Back at Loch Fyne Oyster Bar, I meet John Meaney, another committed Loch Fyne employee who, over the last six years, has transformed his role as site manager into one of sustainability guru. Not only has he taken on the company’s environmental ethos with zeal, he has added his own ideas on how to futureproof it. His infectious smile has surely served him well on the pep talks he gives for staff on ‘why we want to be green and why we need to be green’.  Being green, for Loch Fyne, has meant an overhauling the operations and creating targets for water, electricity, diesel and waste to landfill reduction. ‘We are looking at zero waste Scotland, by which the aim is to reduce waste by 75 per cent by 2025,’ says Meaney. ‘But we aim to achieve this way before that date.’ 

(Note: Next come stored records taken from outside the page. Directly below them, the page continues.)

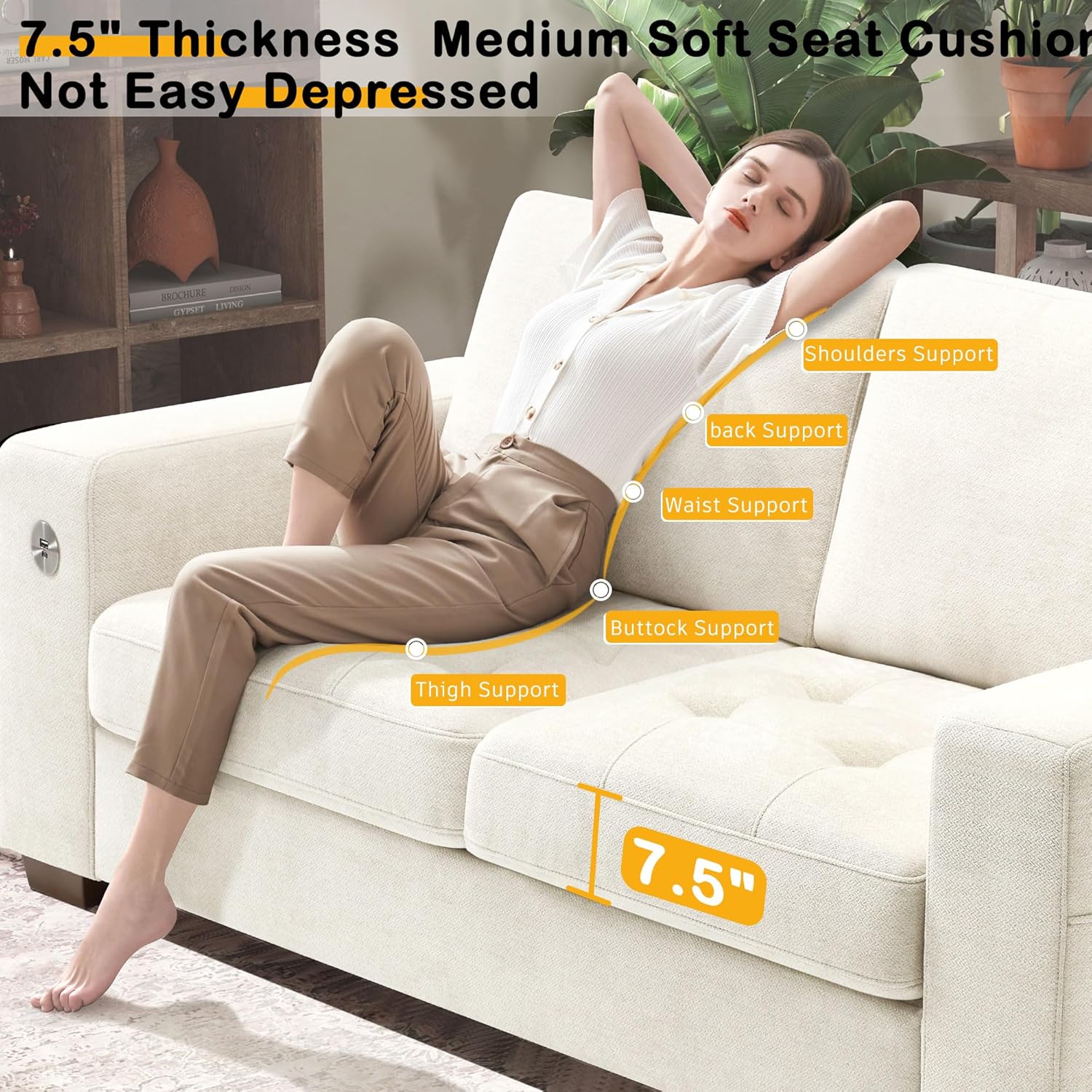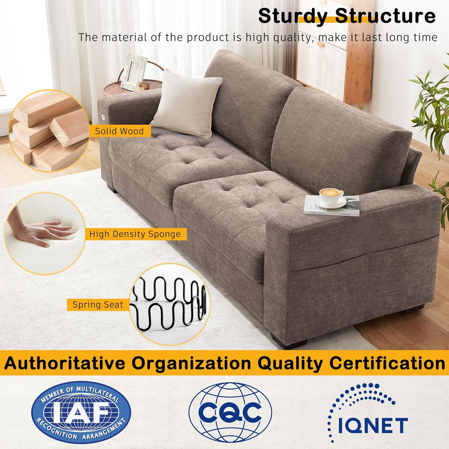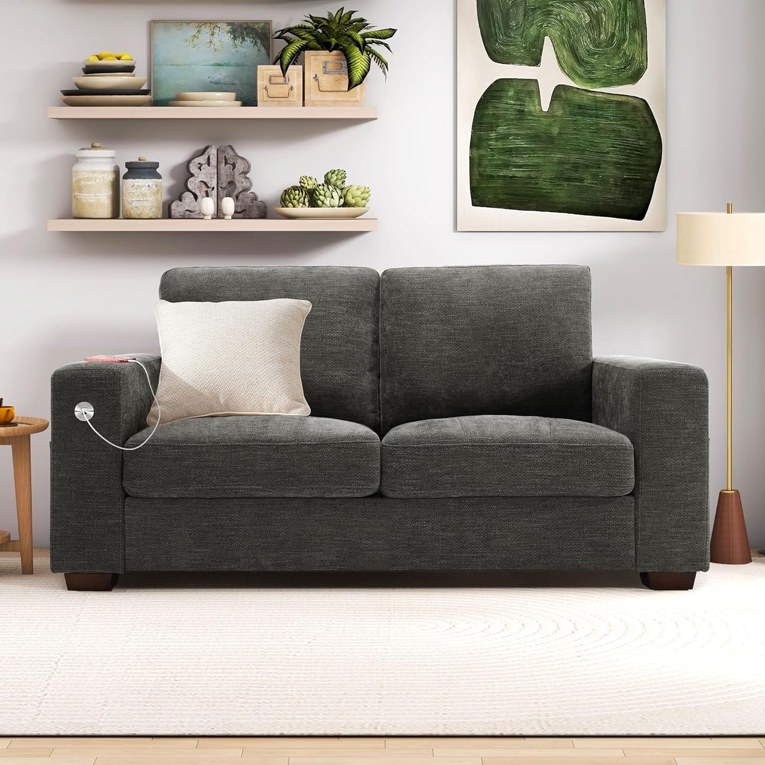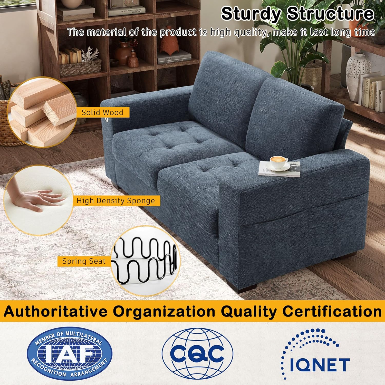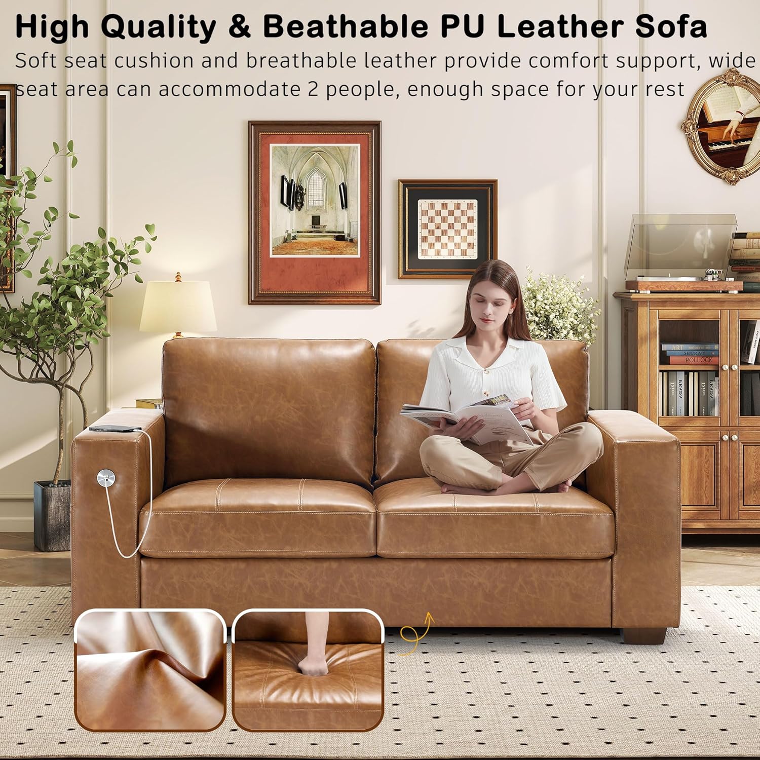 • ��Multi-Functional Couch & Quality Certified ��This couch comes with USB and Type-C ports. so you can easily charge your phone or iPad while you relax. Plus. there are four side pockets to keep your magazines or books close at hand. Our small space sofa is certified for quality by trusted institutions. and the 7.9-inch solid wood armrests along with thick wooden legs provide strong support. holding up to 900 lbs!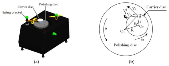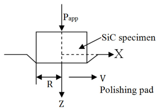 where h is the amount of material removal and is a proportional constant that is related to various environmental factors. Therefore, the amount of material removal at one specific point can be derived according to Equation (2) [15,16]. However, contact between the specimen and polishing disc changes dynamically with polishing time, which induces uncertainties in analytical investigation of the annular polishing process. Therefore, three main assumptions are made to simplify the operation: (1) The specimen and polishing disc are completely in contact without separation; (2) the applied pressure does not change over polishing time; and (3) the proportional constant does not change over polishing time.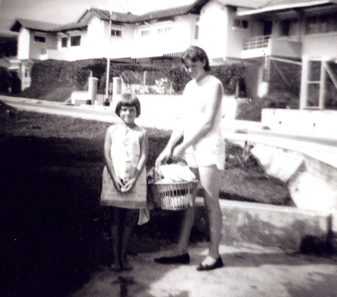 Janet with sister Sharon on the Chip Bee Estate. Sharon went to Alexandra School. |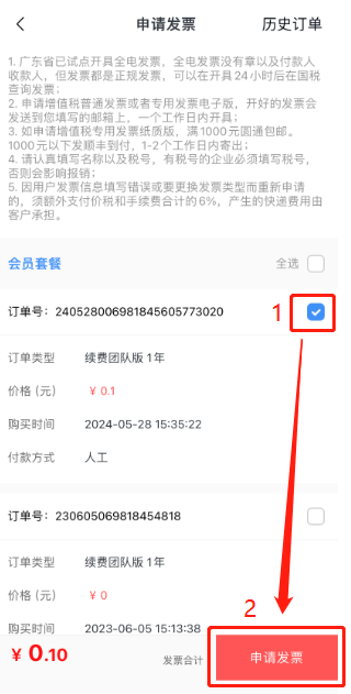 勾選需要申請發(fā)票的訂單,然后點擊【申請發(fā)票】。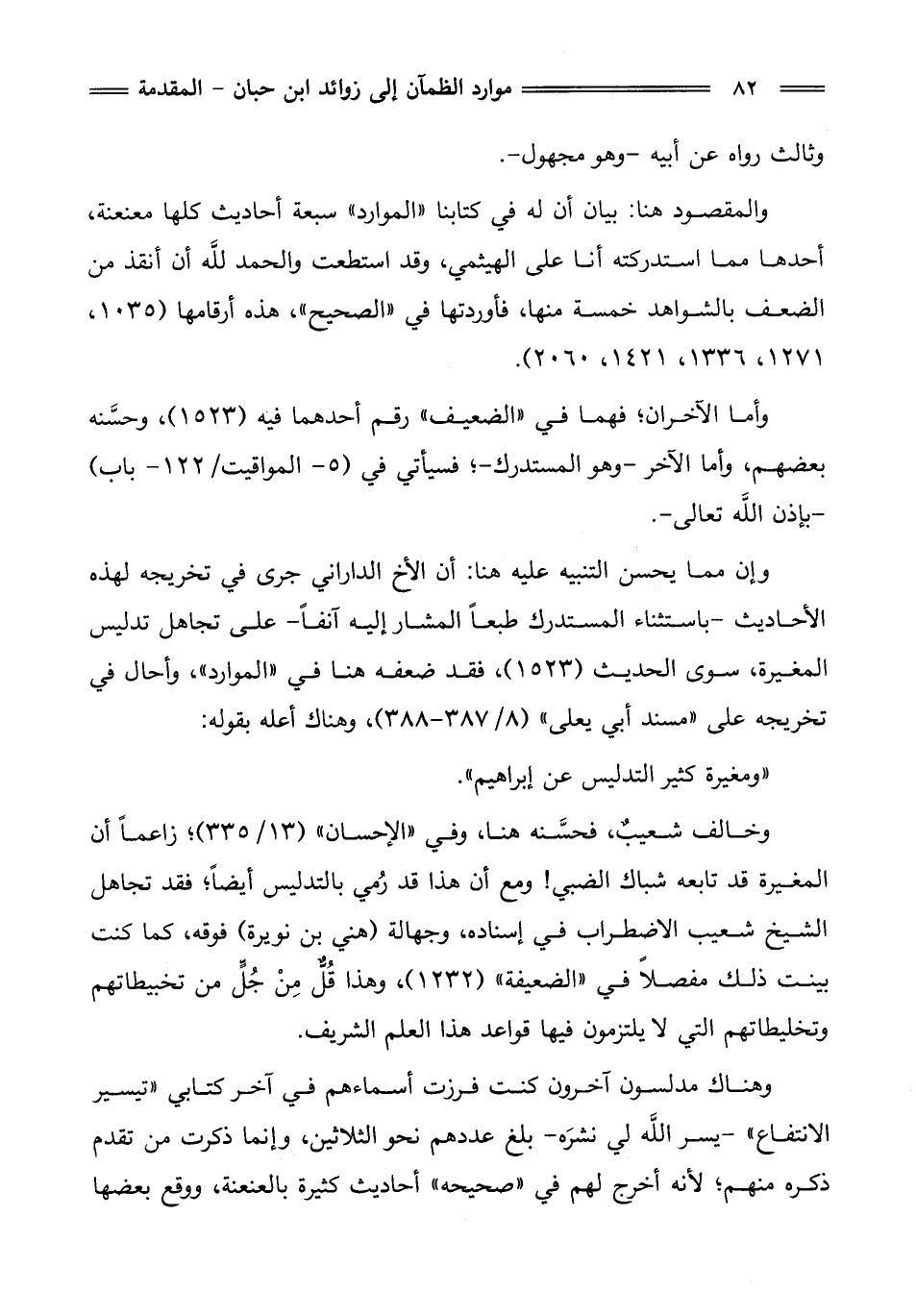 والمقصود هنا: بيان أن له في كتابنا "الموارد" سبعة أحاديث كلها معنعنة، أحدها مما استدركته أنا على الهيثمي، وقد استطعت والحمد للَّه أن أنقذ من الضعف بالشواهد خمسة منها، فأوردتها في "الصحيح"، هذه أرقامها (1035، 1271، 1336، 1421، 2060).

Meaney says short-term plans include getting ISO 14001 certification, installing a biomass boiler for the restaurant and smokehouse, clocking carbon with the Carbon Trust, and installing one of the area’s few electric car charging points. Then there is the interesting question of how best to recycle oyster shells and fish skins. Who knows? Perhaps one day, passion and innovation could see Loch Fyne Oysters become the breeding ground for fish skin fabric and oyster shell art. Stranger things have happened.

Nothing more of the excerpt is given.